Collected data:
● ● ●
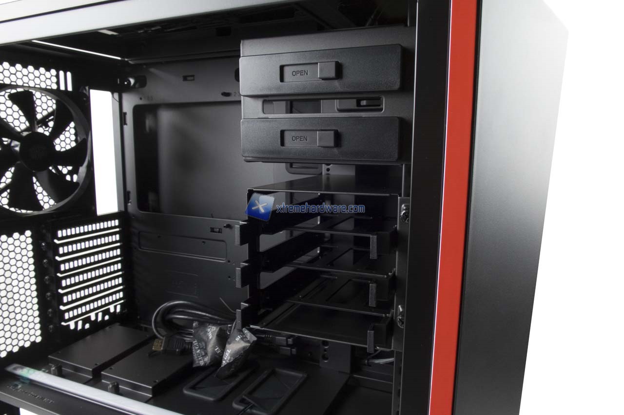 Tornando in alto ma stavolta nel lato destro troviamo i Cage per unità ottiche da 5,25’’ e per Hard Disk da 3,5’’ e SSD. Come da precedente esperienza potremo variare la posizione di questi cage su tutto l’asse verticale grazie ai fori di fissaggio su entrambi i lati o passare alla rimozione completa.
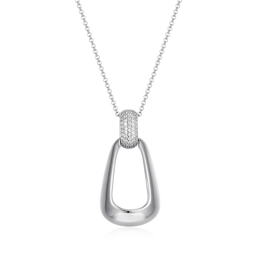 Diamondlite CZ pear solitaire rolo necklace in sterling silver with 18K gold plating
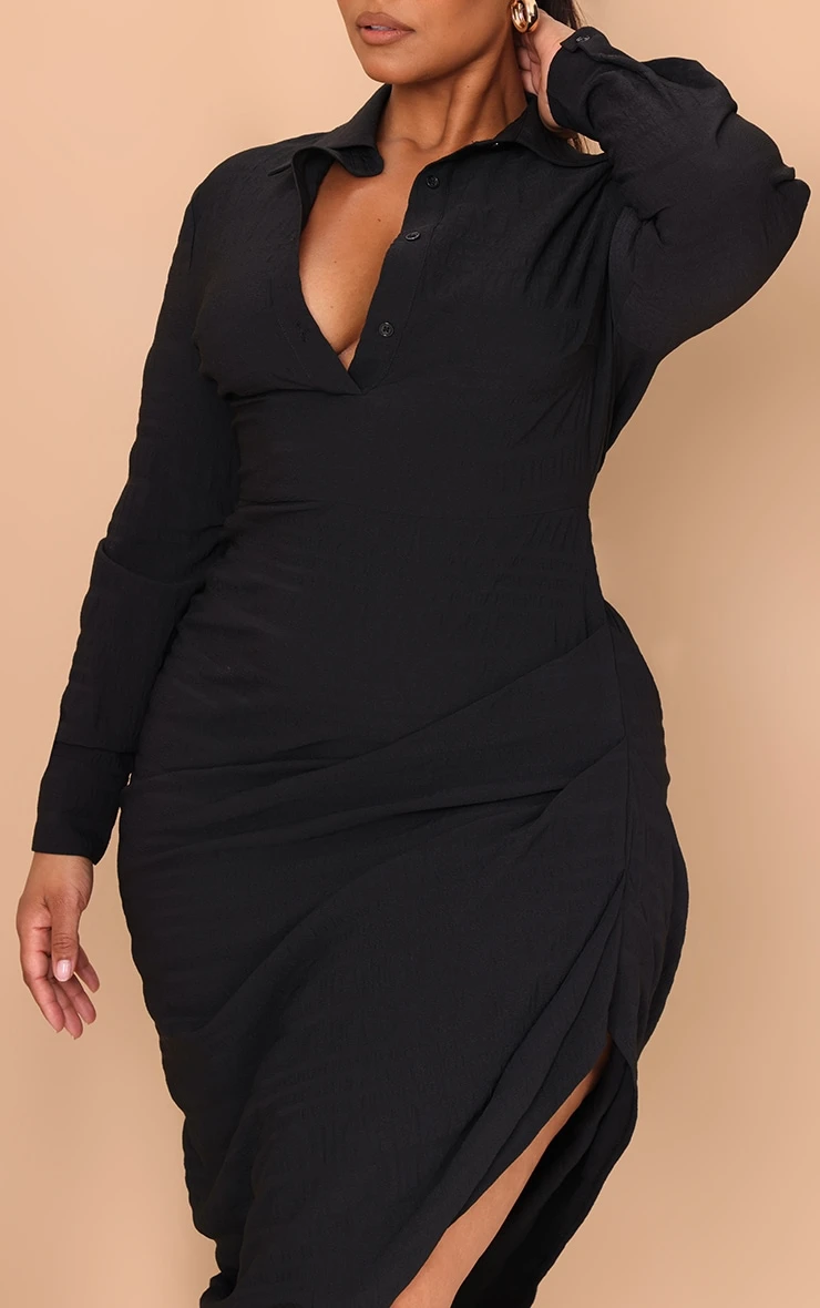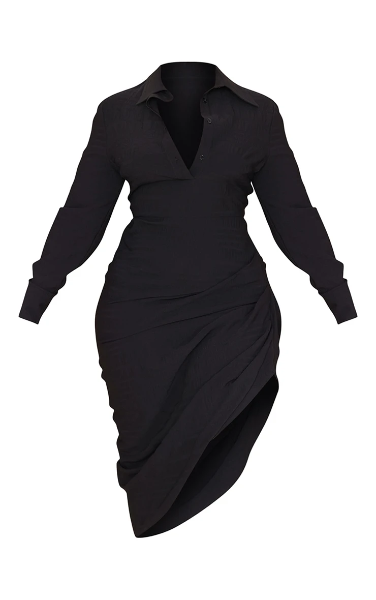 This dress is giving us all the luxe vibes for your weekend wardrobe. Featuring a black textured material with a ruched side design and a midi length. We love this paired with tie-up heels and your fave accessories.
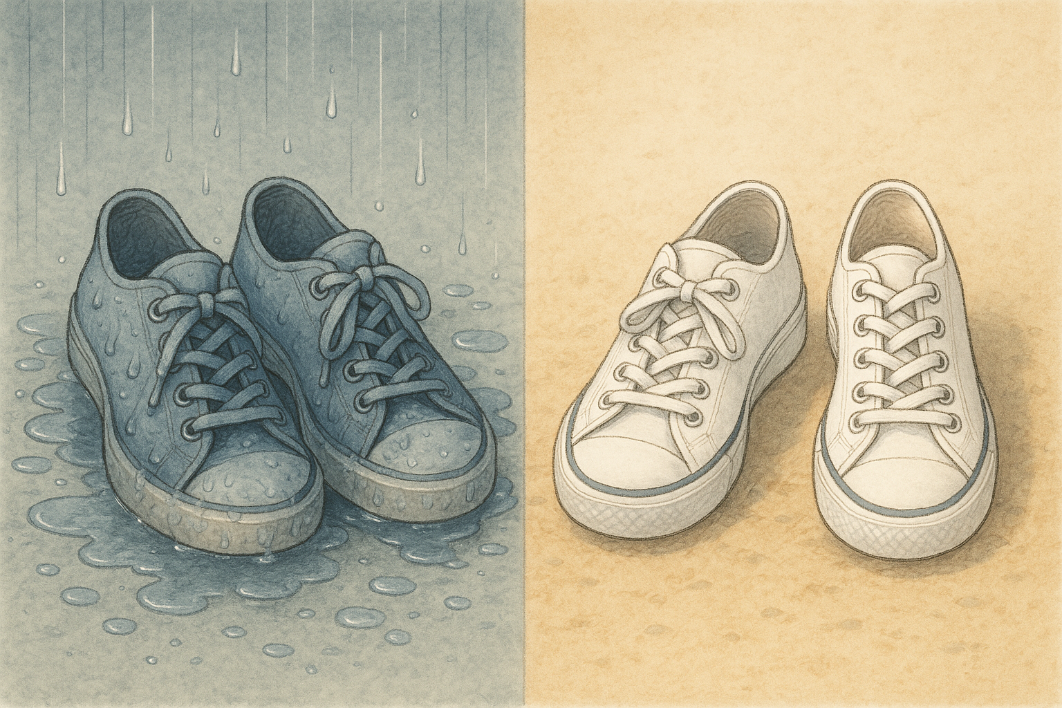 여러분, 저 오늘 출근길에 비 맞고 운동화 다 젖었어요 ㅠㅠ 우산도 썼고, 바지도 별로 안 젖었는데… 그놈의 발목 위를 타고 들어오는 빗물, 진짜… 왜 하필 운동화냐고요? 😭
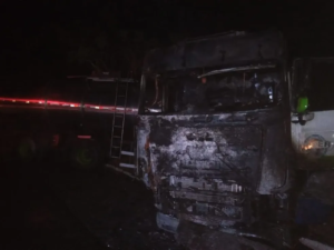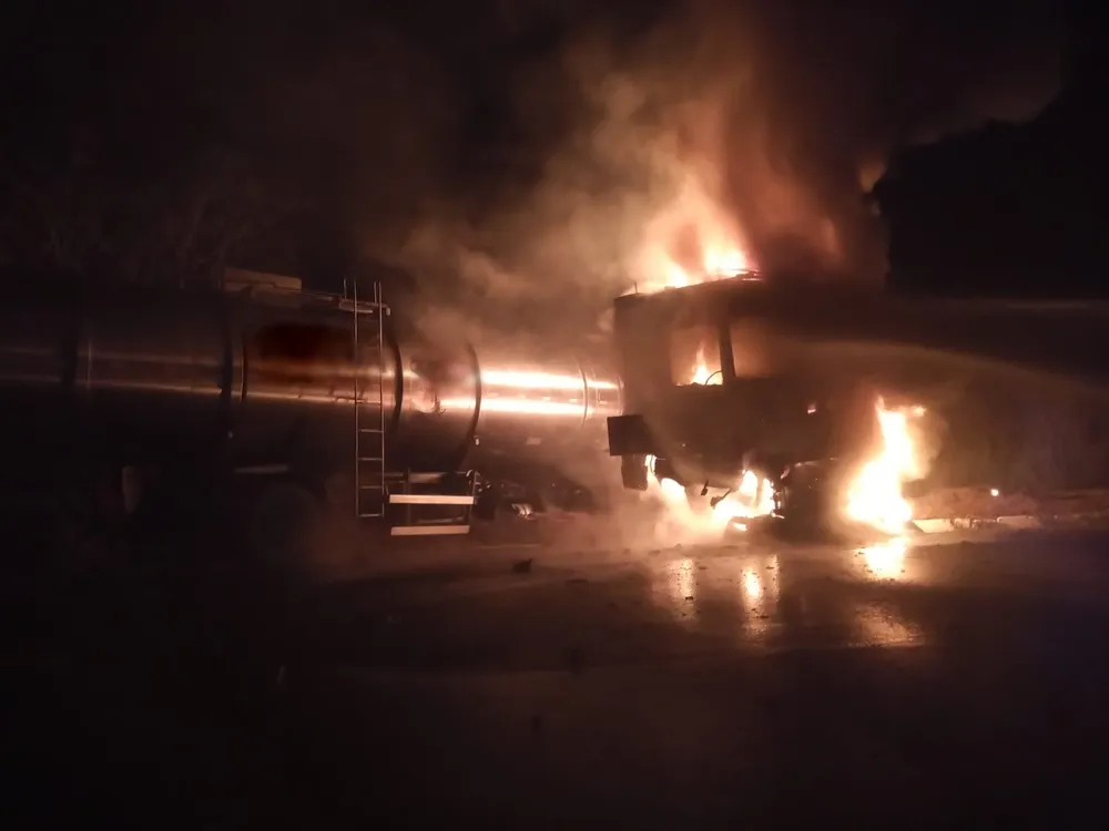 Um caminhão-tanque usado para transportar óleo vegetal bateu na grade de proteção de uma ponte e pegou fogo na noite de sábado (24) na BR-364, em Frutal. O veículo estava desabastecido no momento do acidente.
● ● ●
Each entry must be reproduced word for word, and any image among them left out.

 Tornando in alto ma stavolta nel lato destro troviamo i Cage per unità ottiche da 5,25’’ e per Hard Disk da 3,5’’ e SSD. Come da precedente esperienza potremo variare la posizione di questi cage su tutto l’asse verticale grazie ai fori di fissaggio su entrambi i lati o passare alla rimozione completa.
 Diamondlite CZ pear solitaire rolo necklace in sterling silver with 18K gold plating
 This dress is giving us all the luxe vibes for your weekend wardrobe. Featuring a black textured material with a ruched side design and a midi length. We love this paired with tie-up heels and your fave accessories.
 여러분, 저 오늘 출근길에 비 맞고 운동화 다 젖었어요 ㅠㅠ 우산도 썼고, 바지도 별로 안 젖었는데… 그놈의 발목 위를 타고 들어오는 빗물, 진짜… 왜 하필 운동화냐고요? 😭
 Um caminhão-tanque usado para transportar óleo vegetal bateu na grade de proteção de uma ponte e pegou fogo na noite de sábado (24) na BR-364, em Frutal. O veículo estava desabastecido no momento do acidente.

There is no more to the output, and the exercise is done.